▸ WORK TASK: If any record holds an image, omit the image and print the rest exactly.

▸ GIVEN RECORDS:
· · · · ·

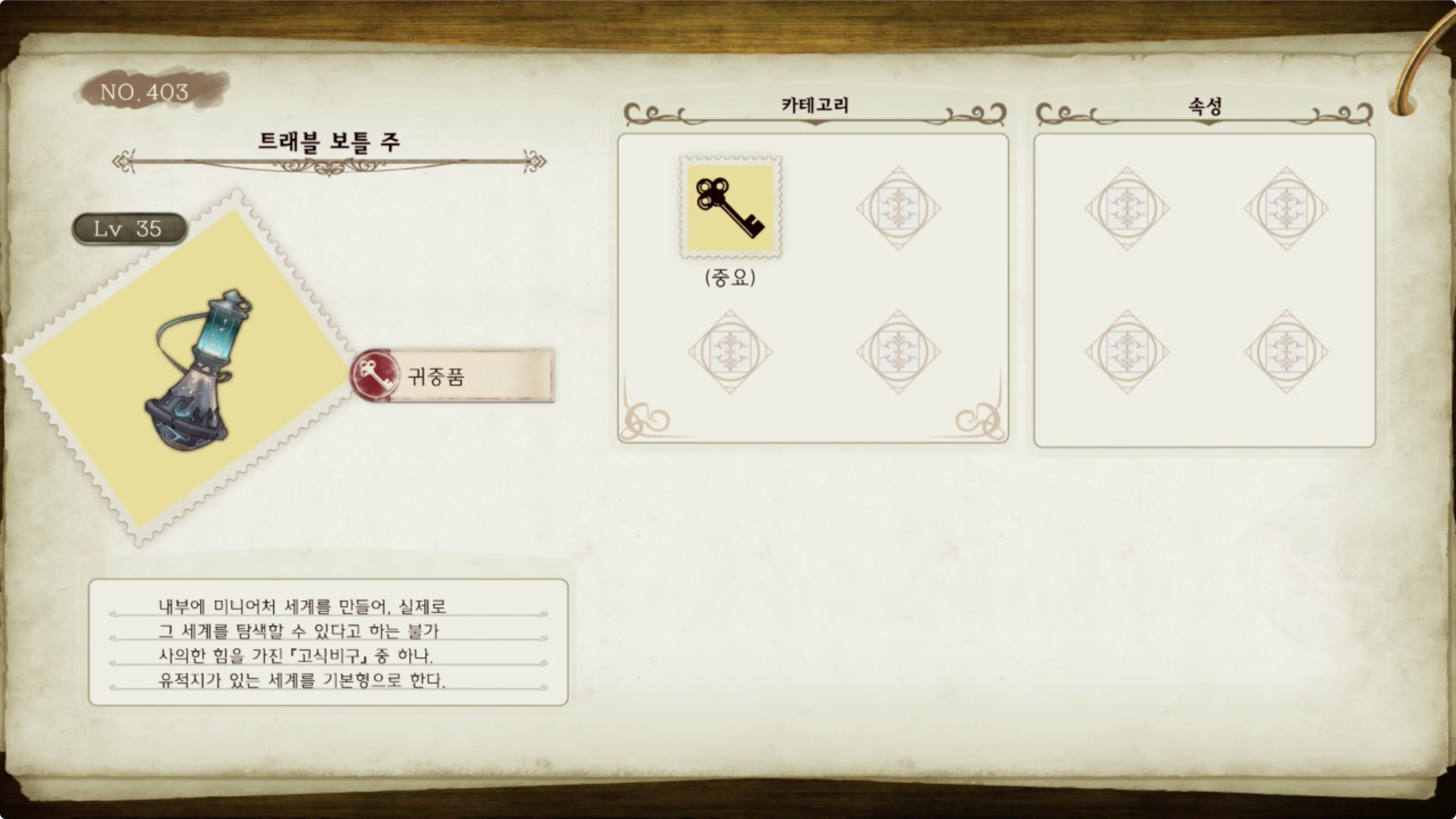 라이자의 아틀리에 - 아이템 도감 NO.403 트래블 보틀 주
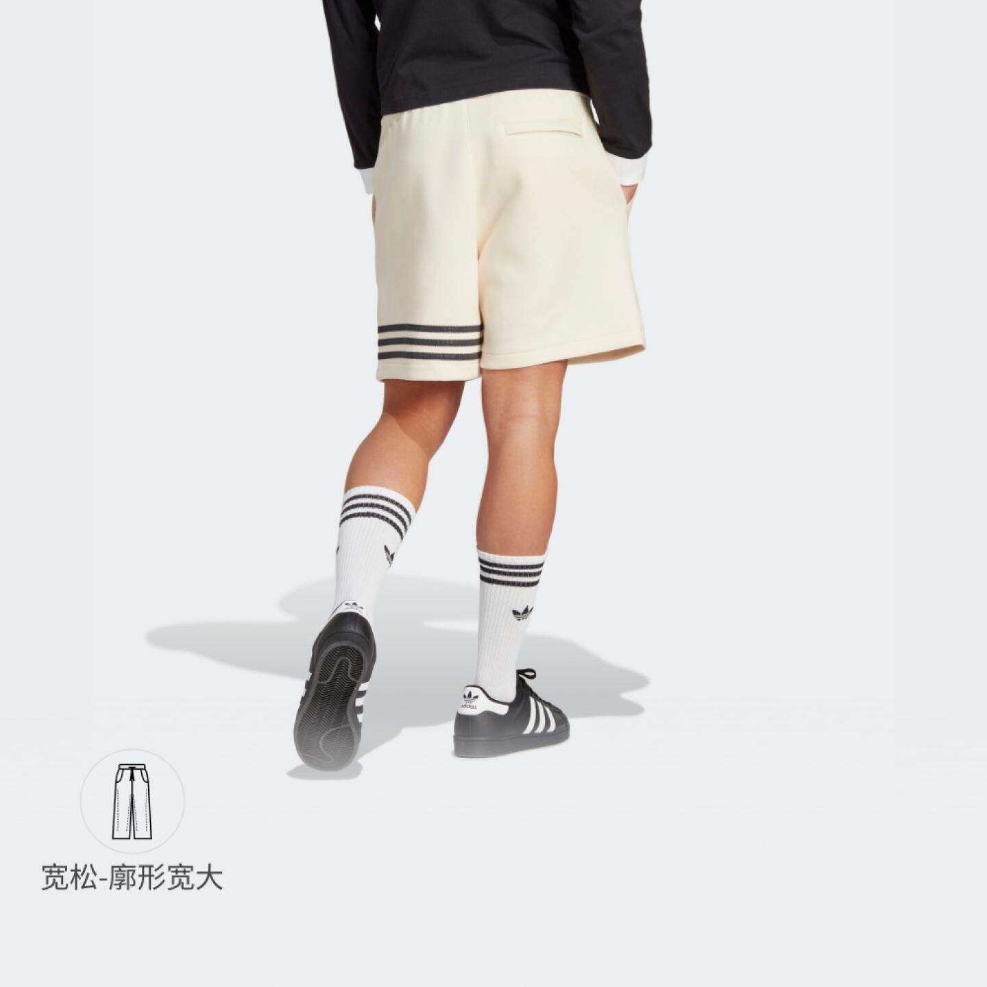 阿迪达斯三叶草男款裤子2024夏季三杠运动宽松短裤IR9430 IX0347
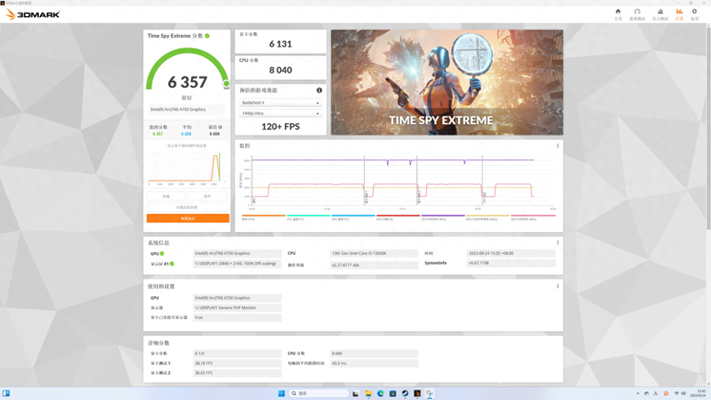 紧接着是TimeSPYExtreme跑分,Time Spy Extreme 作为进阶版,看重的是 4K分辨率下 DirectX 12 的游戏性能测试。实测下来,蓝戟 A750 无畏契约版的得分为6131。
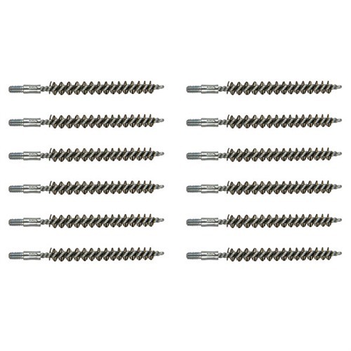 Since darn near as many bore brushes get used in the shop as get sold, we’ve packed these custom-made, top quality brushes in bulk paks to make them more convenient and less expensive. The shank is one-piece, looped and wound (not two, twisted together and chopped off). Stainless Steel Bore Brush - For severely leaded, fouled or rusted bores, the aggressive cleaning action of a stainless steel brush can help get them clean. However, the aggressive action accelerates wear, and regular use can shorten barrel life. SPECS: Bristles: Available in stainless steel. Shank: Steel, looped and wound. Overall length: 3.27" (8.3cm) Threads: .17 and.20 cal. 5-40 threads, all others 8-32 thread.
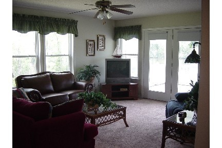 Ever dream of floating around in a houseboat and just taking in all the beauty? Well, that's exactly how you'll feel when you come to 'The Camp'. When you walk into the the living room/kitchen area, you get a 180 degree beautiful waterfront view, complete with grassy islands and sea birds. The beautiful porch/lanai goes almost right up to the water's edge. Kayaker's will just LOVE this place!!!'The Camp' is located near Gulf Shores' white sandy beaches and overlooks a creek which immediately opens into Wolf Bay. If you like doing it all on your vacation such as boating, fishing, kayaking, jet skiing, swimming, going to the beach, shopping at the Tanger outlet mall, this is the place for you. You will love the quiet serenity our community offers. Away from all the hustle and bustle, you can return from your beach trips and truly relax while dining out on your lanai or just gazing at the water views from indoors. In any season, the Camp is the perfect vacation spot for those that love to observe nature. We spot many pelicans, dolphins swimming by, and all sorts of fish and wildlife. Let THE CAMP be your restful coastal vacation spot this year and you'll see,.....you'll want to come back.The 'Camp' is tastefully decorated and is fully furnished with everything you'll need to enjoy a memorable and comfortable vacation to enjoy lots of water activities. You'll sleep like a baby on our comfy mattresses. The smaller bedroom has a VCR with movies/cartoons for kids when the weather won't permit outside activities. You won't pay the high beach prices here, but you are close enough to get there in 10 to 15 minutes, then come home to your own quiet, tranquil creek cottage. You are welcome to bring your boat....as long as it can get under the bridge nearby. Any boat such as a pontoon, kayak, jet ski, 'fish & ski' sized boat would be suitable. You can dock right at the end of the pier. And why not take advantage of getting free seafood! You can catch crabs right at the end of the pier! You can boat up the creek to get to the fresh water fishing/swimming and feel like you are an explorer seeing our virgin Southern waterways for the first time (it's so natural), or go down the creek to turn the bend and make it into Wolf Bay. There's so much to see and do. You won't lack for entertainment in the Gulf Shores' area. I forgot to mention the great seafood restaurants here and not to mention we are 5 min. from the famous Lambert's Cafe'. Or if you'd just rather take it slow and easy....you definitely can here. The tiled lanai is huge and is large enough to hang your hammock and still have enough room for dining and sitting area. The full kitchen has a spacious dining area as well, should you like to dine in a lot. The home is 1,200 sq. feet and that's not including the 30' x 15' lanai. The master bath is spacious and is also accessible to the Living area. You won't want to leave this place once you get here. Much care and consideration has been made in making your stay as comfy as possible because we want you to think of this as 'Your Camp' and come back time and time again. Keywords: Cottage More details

· · · · ·

▸ TASK ANSWER:
 라이자의 아틀리에 - 아이템 도감 NO.403 트래블 보틀 주
 阿迪达斯三叶草男款裤子2024夏季三杠运动宽松短裤IR9430 IX0347
 紧接着是TimeSPYExtreme跑分,Time Spy Extreme 作为进阶版,看重的是 4K分辨率下 DirectX 12 的游戏性能测试。实测下来,蓝戟 A750 无畏契约版的得分为6131。
 Since darn near as many bore brushes get used in the shop as get sold, we’ve packed these custom-made, top quality brushes in bulk paks to make them more convenient and less expensive. The shank is one-piece, looped and wound (not two, twisted together and chopped off). Stainless Steel Bore Brush - For severely leaded, fouled or rusted bores, the aggressive cleaning action of a stainless steel brush can help get them clean. However, the aggressive action accelerates wear, and regular use can shorten barrel life. SPECS: Bristles: Available in stainless steel. Shank: Steel, looped and wound. Overall length: 3.27" (8.3cm) Threads: .17 and.20 cal. 5-40 threads, all others 8-32 thread.
 Ever dream of floating around in a houseboat and just taking in all the beauty? Well, that's exactly how you'll feel when you come to 'The Camp'. When you walk into the the living room/kitchen area, you get a 180 degree beautiful waterfront view, complete with grassy islands and sea birds. The beautiful porch/lanai goes almost right up to the water's edge. Kayaker's will just LOVE this place!!!'The Camp' is located near Gulf Shores' white sandy beaches and overlooks a creek which immediately opens into Wolf Bay. If you like doing it all on your vacation such as boating, fishing, kayaking, jet skiing, swimming, going to the beach, shopping at the Tanger outlet mall, this is the place for you. You will love the quiet serenity our community offers. Away from all the hustle and bustle, you can return from your beach trips and truly relax while dining out on your lanai or just gazing at the water views from indoors. In any season, the Camp is the perfect vacation spot for those that love to observe nature. We spot many pelicans, dolphins swimming by, and all sorts of fish and wildlife. Let THE CAMP be your restful coastal vacation spot this year and you'll see,.....you'll want to come back.The 'Camp' is tastefully decorated and is fully furnished with everything you'll need to enjoy a memorable and comfortable vacation to enjoy lots of water activities. You'll sleep like a baby on our comfy mattresses. The smaller bedroom has a VCR with movies/cartoons for kids when the weather won't permit outside activities. You won't pay the high beach prices here, but you are close enough to get there in 10 to 15 minutes, then come home to your own quiet, tranquil creek cottage. You are welcome to bring your boat....as long as it can get under the bridge nearby. Any boat such as a pontoon, kayak, jet ski, 'fish & ski' sized boat would be suitable. You can dock right at the end of the pier. And why not take advantage of getting free seafood! You can catch crabs right at the end of the pier! You can boat up the creek to get to the fresh water fishing/swimming and feel like you are an explorer seeing our virgin Southern waterways for the first time (it's so natural), or go down the creek to turn the bend and make it into Wolf Bay. There's so much to see and do. You won't lack for entertainment in the Gulf Shores' area. I forgot to mention the great seafood restaurants here and not to mention we are 5 min. from the famous Lambert's Cafe'. Or if you'd just rather take it slow and easy....you definitely can here. The tiled lanai is huge and is large enough to hang your hammock and still have enough room for dining and sitting area. The full kitchen has a spacious dining area as well, should you like to dine in a lot. The home is 1,200 sq. feet and that's not including the 30' x 15' lanai. The master bath is spacious and is also accessible to the Living area. You won't want to leave this place once you get here. Much care and consideration has been made in making your stay as comfy as possible because we want you to think of this as 'Your Camp' and come back time and time again. Keywords: Cottage More details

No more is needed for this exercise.